Comment 17 frank.meies 2006-11-17 10:43:26 UTC
Created attachment 40650 [details]
new bugdoc (Wirter vs. EditEngine)
Comment 18 frank.meies 2006-11-17 11:18:58 UTC
FME: Having a second look at the bugdocs, I think we actually have two different
problems:

1. The EditEngine is a bit buggy dealing with bidi text
2. Word's bidi algorithm differs from the one used by OOo (ICU)

2. clearly has to be fixed (or better say: work around) in the import filter, so
alan, please contact sj for the RLM stuff, ppt import is more his playground).

I need to get an overview of all currently open bidi text formatting issues,
both Writer and EditEngine. Looks like this can be quite time, but I hope I can
do this for one of the upcoming versions.
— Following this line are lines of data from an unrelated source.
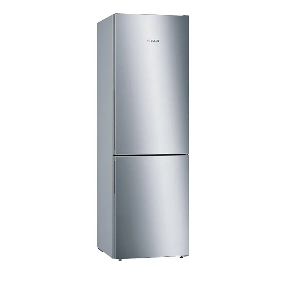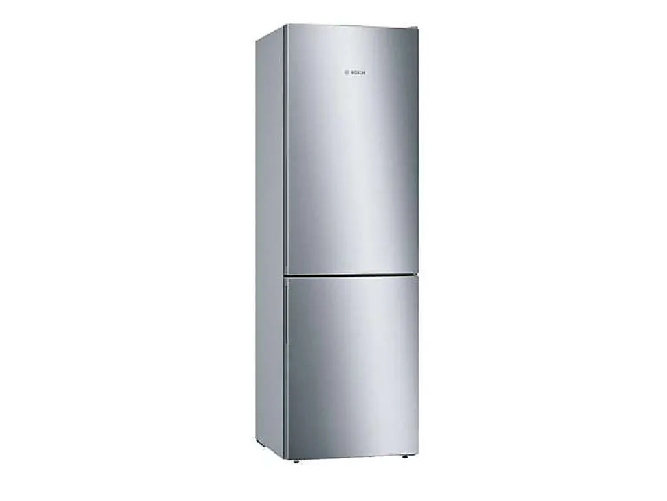 Réfrigérateur combiné 60cm 308l metal look Bosch – Le réfrigérateur combiné série 6 de Bosch KGE36ALCA avec VitaFresh 0°C : particulièrement efficace conserve votre viande et poisson frais jusqu’à deux fois plus longtemps.VitaFresh : conserve le croquant des aliments frais plus longtemps : grâce à des températures très basses pour la viande et le poisson et un taux d’humidité ajustable pour les fruits et légumes.Éclairage LED : pour une visibilité parfaite sur vos produits frais.BigBox : compartiment pour les grands produits surgelésClayette EasyAccess : grâce à cette clayette coulissante en verre, le contenu de votre réfrigérateur est beaucoup plus accessible.Low Frost : décongeler moins souvent grâce à la faible quantité de formation de glace pour un gain de temps et des économies en énergie. – Type de produit : Réfrigérateur.Gamme : Série 6.Type d’installation : Pose-libre.Classe d’efficacité énergétique : C.Consommation énergétique annuelle moyenne : 149 kWh / an.Volume total: 308 l.Volume utile partie congélation : 94 l.Volume utile partie réfrigération : 214 l.Volume net zone proche de 0°C: 22 litres.Niveau sonore : 38 dB(A) re 1pW.Classe de niveau sonore : C.Porte habillable : Pas possible.Puissance de raccordement : 90 W.Charnière de la porte : Droite réversible.Longueur du cordon électrique : 240.0 cm.Nombre de compresseurs : 1.Nombre de circuit de froid : 2.Y a-t-il un ventilateur dans le compartiment réfrigérateur : Oui.Porte réversible : Oui.Nombre de clayettes dans le réfrigérateur : 2.Clayettes spéciales bouteille : Oui.Froid ventilé : Non.Bottom-Freezer.LowFrost dégivrage rapide et moins fréquent.Portes InoxLook, parois Pearl Grey.Poignée verticale intégrée.Réglage électronique de la température, affichage précis.Système d’alarme optique et acoustique en cas d’augmentation de la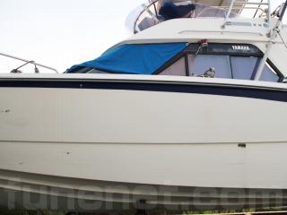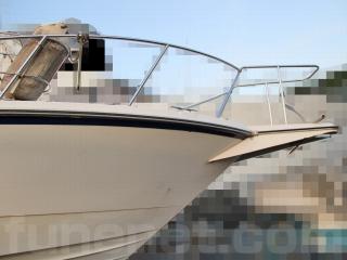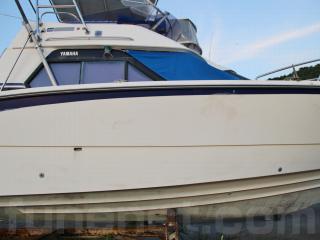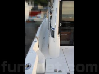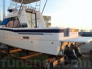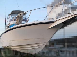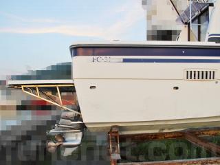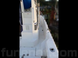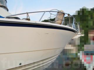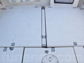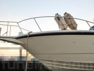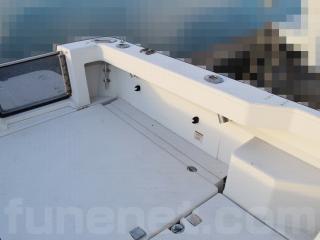 ◆平成9年進水のFC-31-3です。いわゆる「セミウォークアラウンド」のようなデッキで、フロントデッキへの行き来もしやすく、ヤマハのPCなどよりも釣りやレジャーも楽しみやすい艇といえるかもしれません。全体的には船齢なりの経年劣化や小傷は見受けられますが、航行に問題があるような大きな損傷などは無いように見受けられます。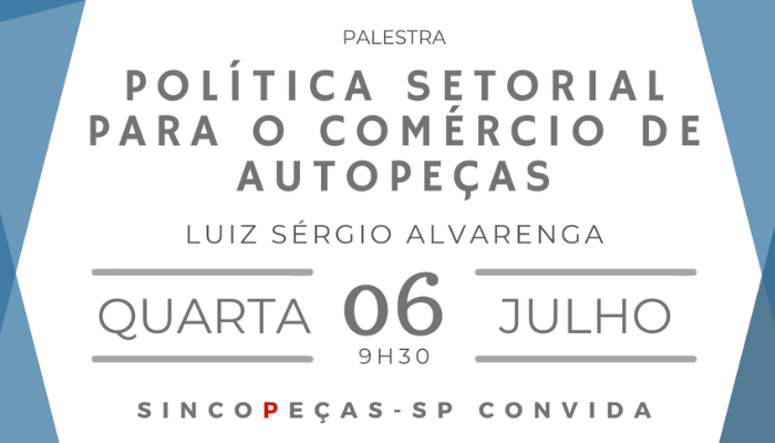 Essa é a sinopse da palestra “Política setorial para o comércio de autopeças”, que será apresentada pelo diretor da Alvarenga Projetos Automotivos, Luiz Sérgio Alvarenga, no próximo dia 06 de julho, a partir das 9h30, no auditório do Sincopeças-SP, à avenida Paulista, 1.009, 5º andar.

Comment 19 alan 2006-11-17 11:57:53 UTC
ayaniger->fme:
I'm looking now at the edit engine code and your fix. I will contact you
directly with an overview of outstanding bidi issues.
Comment 20 Martin Hollmichel 2007-11-09 17:18:57 UTC
set target from 2.x to 3.x according to
http://wiki.services.openoffice.org/wiki/Target_3x
Comment 21 hennerdrewes 2008-03-30 10:20:00 UTC
@fme: your proposed change to the edit engine from 17.11.2006 code works and
should be integrated. 

The remaining problem on slide 4 of radiohercog.ppt has a different cause. 
The two lines in the text field a separated by only a line break, which is
treated by the bidi algorithm in the same way as a space character. If you
replace the line break with a space character, even Word places the parentheses
in this strange way. But after all, this is a LTR paragraph...

To summarize, there is a remaining difference. If I write

"Hebrew letters" "New Paragraph" "(" "Hebrew letters" ")": Output is ok in
writer and edit engine (with patch)

"Hebrew letters" "Line Break" "(" "Hebrew letters" ")": Output is ok in writer,
buggy as before in edit engine

"Hebrew letters" "Space" "(" "Hebrew letters" ")": Output all weird (even in Word)

Comment 22 frank.meies 2008-03-31 08:33:27 UTC
fme->hennerdrewes: Thank you for your analysis.

fme->tl: EditEngine is your baby now.
Comment 23 alan 2008-10-24 11:47:37 UTC
ayaniger->fme,tl:
How do things stand with fixing bidi issues in the edit engine?

Thanks,
Alan
Comment 24 alan 2009-07-31 06:36:45 UTC
In m15, the quote marks in the title of the document "matzeget" are ok. However,
all the other bugs described in the this issue are still there.